I, like many others who've commented before me, would have to lean towards "no" - family must come first. I have a 7 yo daughter and am still thinking of having another, but I would really have to be asked on a case-by-case basis.
To be honest? if I were in a different situation in my personal life (ie, no partner/kid) then my choice may be different. But at this point? I'd lean to the negative.

Posted by: Rae at June 1, 2003 08:37 PM

If it was a family member or close friend who would die if i didn't -- yes, of course. For someone I only knew 6 months? Probably not.

Your thought process about being there for your kids is right on the money. We all know what a giving person you are, but your kids come first!

Posted by: moxie at June 1, 2003 10:11 PM

I can be an extremely generous person, but I'm with you. There is a line where you have to consider the costs.

In the recovery time, unless you take vacation time, you won't get paid, which might not be a problem if you are single, have a lot of money in the bank, or both.

If one of my friends needed it, and had no other chance of survival, I'd donate an organ in a heartbeat.

Money can't buy me a friend.

Posted by: mike at June 2, 2003 02:02 AM

I don't think you are any less of a person if you choose against organ donation. I don't believe there is a "Get Me To Heaven/Be A Good Person" guidebook complete with a checklist of ALL the things required to be an upstanding human being. (Heh, sometimes I think there should be)

The fact that you already work in a care giver role is a testament to who you are as a person. After visiting this site for a bit and reading your entries & comments I think you're already on the right path to being a fine world citizen.

Posted by: A.J. at June 2, 2003 06:59 AM

Look at it this way, a lack of people donating usable organs forces scientists to come up with artificial or regenerative organs through the miracles of science. So in an indirect way, not donating organs means a better future for us all.

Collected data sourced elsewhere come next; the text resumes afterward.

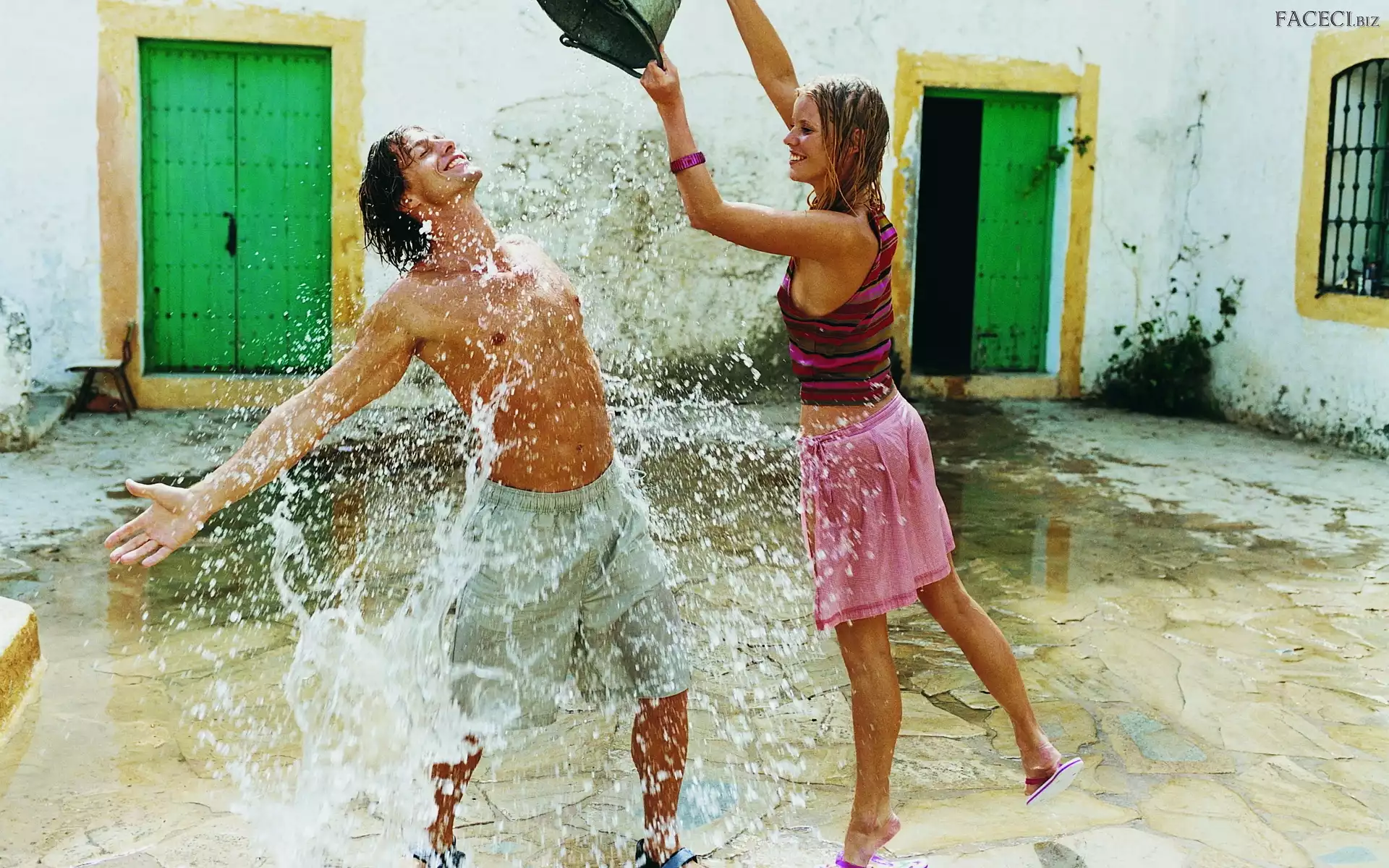 Polewanie, Wiadro, Mężczyzna, Kobieta, Woda - faceci.biz
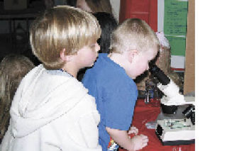 Black Diamond Elementary School students Kendrick Herbst and Michael Bennett take turns looking through a microscope
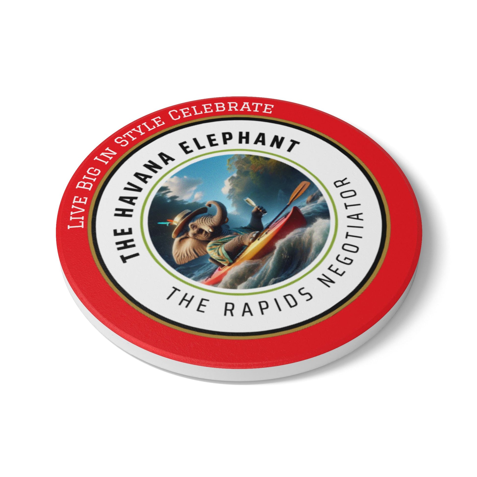 Elephant Themed Ceramic Coaster Set, The Rapids Negotiator. Unique Home Decor, Gift for Animal Lovers, Celebratory Coaster for Parties, Kitchen Table Accent
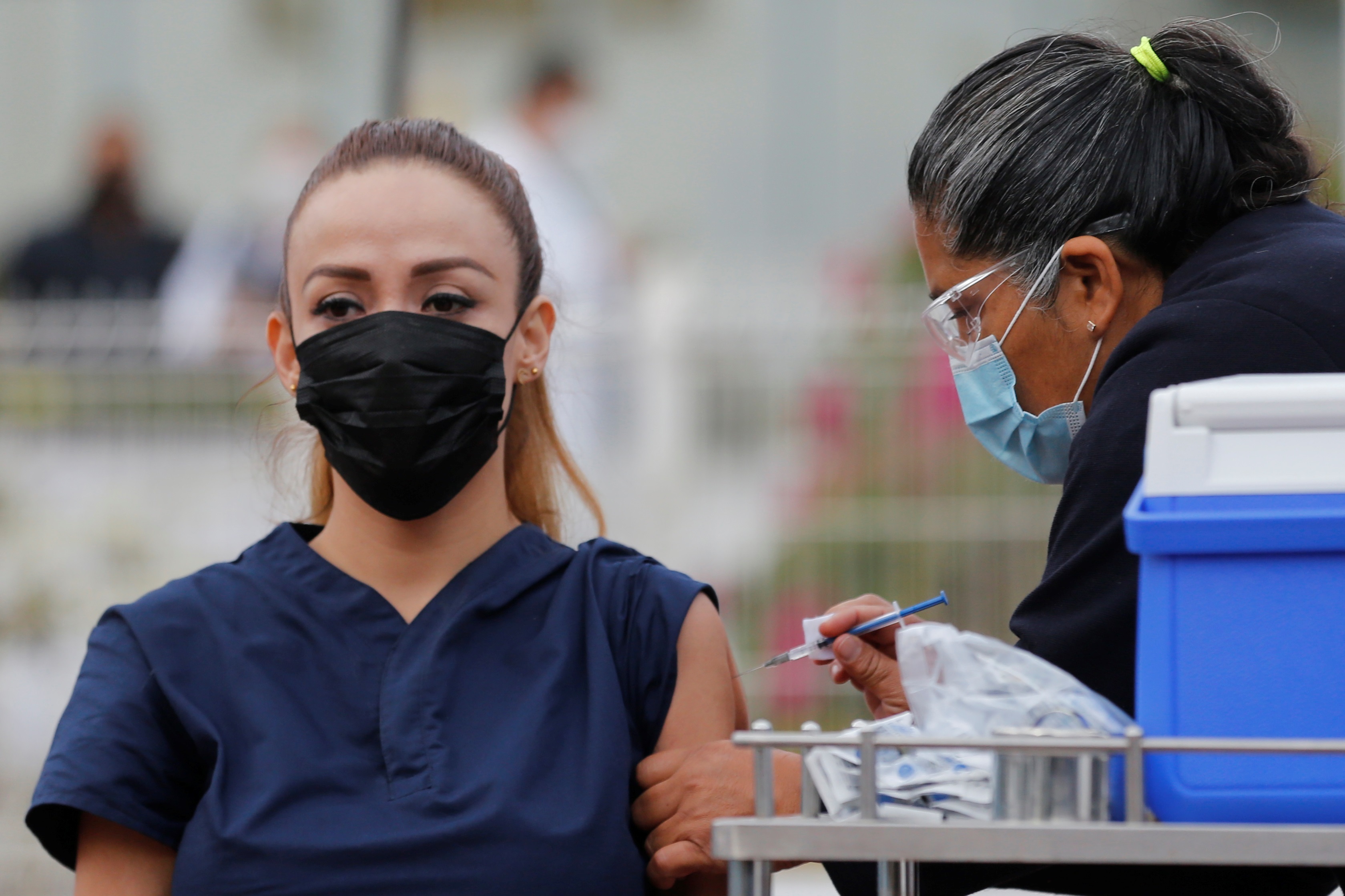 Una mujer recibe la vacuna contra la Covid-19, en el Hospital General en la ciudad de Guadalajara, Jalisco. Foto: EFE

That's the same reason i don't recycle. I'll force science to come up with better degradeable products.

Posted by: jaboobie at June 2, 2003 09:57 AM

Well, my son was born with a multi-cystic kidney. Therefore, he only has one functioning kidney. If anything ever happened to his one good kidney, hell yea, I'd give him one of mine. Would I give one to a stranger. Maybe before I would, but not now. Now I KNOW I have to save it for my son.

Posted by: Marti at June 2, 2003 10:40 AM

I don't think I could do it. I admit, I'm too selfish. I could do it for someone I was REALLY close too, but not for anyone else. Everyone knows that you are an unselfish and caring person without having to donate an organ.